The house was spacious, though books and bric-a-brac tended to disguise that fact. Ganz led me to the library and rang for a maid, who entered arustle in black dress, white cap and apron. “We shall have coffee and cakes,” he directed. “And, yes, put on the tray a bottle of cognac, with glasses. Thereafter we are not to be disturbed.”
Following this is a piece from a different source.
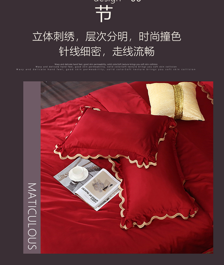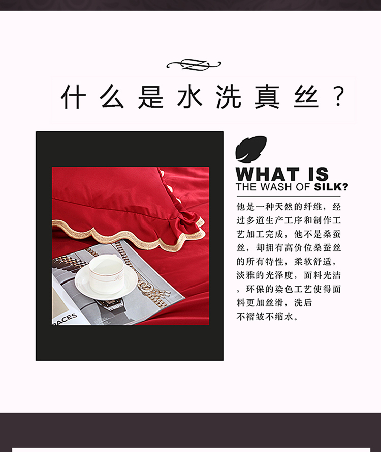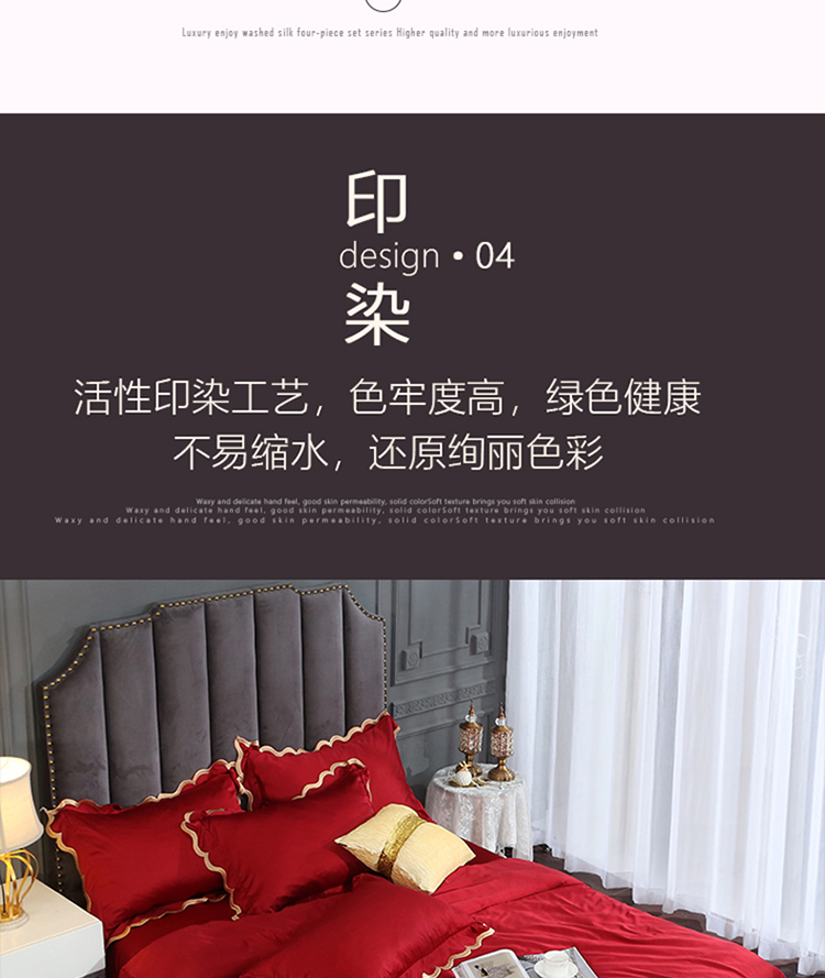 米奈家居2020新品水洗真丝瑞内系列四件套 红

When she had left on her errand, he lowered his portly form onto a sofa. “Emma is a good girl,” he remarked while he polished his pince-nez. Patrol medics could easily have corrected his eyeballs, but he’d have had trouble explaining why he no longer required lenses, and declared it made no particular difference. “Of a poor peasant family— ach, they breed fast, but the nature of life is that it overflows, not true? I take an interest in her. Avuncular only, I assure you. She is to leave my service in three years because she marries a fine young man. I will provide a modest dowry in the guise of a wedding present, and stand godfather to their firstborn.” Trouble crossed the ruddy, jowly visage. “She dies of tuberculosis at the age of forty-one.” He ran a hand over his bare scalp. “I am allowed to do nothing about that except provide some medicines that make her comfortable. We dare not mourn, we of the Patrol: certainly not beforehand. I should save pity, sense of guilt, for my poor unwitting friends and colleagues, the brothers Grimm. Emma’s life is better than most of mankind will ever have known.”
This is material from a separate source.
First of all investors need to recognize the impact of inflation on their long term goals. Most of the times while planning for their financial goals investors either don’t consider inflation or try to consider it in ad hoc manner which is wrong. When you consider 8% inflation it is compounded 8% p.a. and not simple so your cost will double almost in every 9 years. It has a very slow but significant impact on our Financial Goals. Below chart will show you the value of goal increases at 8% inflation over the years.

I made no reply. Our privacy being assured, I got more intent than necessary on setting up the apparatus I’d brought in my luggage. (Here I passed for a visiting British scholar. I’d practiced my accent. An American would have been pestered with too many questions about Red Indians and slavery.) While Tharasmund and I were among the Visigoths, we’d met Ulfilas. I’d recorded that event, as I did all of special interest. Surely Ganz would want a look at Constantinople’s chief missionary, the Apostle to the Goths, whose translation of the Bible was virtually the sole source of information about their language which survived until time travel came along.

The hologram sprang into being. Suddenly the room—chandelier, bookshelves, up-to-date furniture which I knew as Empire, busts, framed etchings and oils, crockery, Chinese-motif wallpaper, maroon drapes—became the mystery, darkness around a campfire. Yet I was not there, in my own skull: for it was myself on whom I looked, and he was the Wanderer.
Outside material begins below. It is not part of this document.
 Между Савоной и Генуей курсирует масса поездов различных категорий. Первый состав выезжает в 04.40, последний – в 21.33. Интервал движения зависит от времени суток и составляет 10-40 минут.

(The recorders are tiny, operating on the molecular level, self-directing as they collect full sensory input. Mine, one of several I took along, was hidden in the spear that I had leaned against a tree. Wanting to encounter Ulfilas informally, I’d laid out the route of my party to intercept that of his as we both traveled through what the Romans had known as Dacia before they withdrew from it, and I in my day knew as Rumania. After mutual avowals of peaceful intentions, my Ostrogoths and his Byzantines pitched tents and shared a meal.)

Trees walled the forest meadow in gloom. Flame-lit smoke rose to hide stars. An owl hooted, over and over. The night was still mild, but dew had begun chilling the grass. Men sat cross-legged near the coals, save for Ulfilas and me. He had stood up in his zeal, and I could not let myself be dominated before the others. They stared, listened, furtively drew signs of Ax or Cross.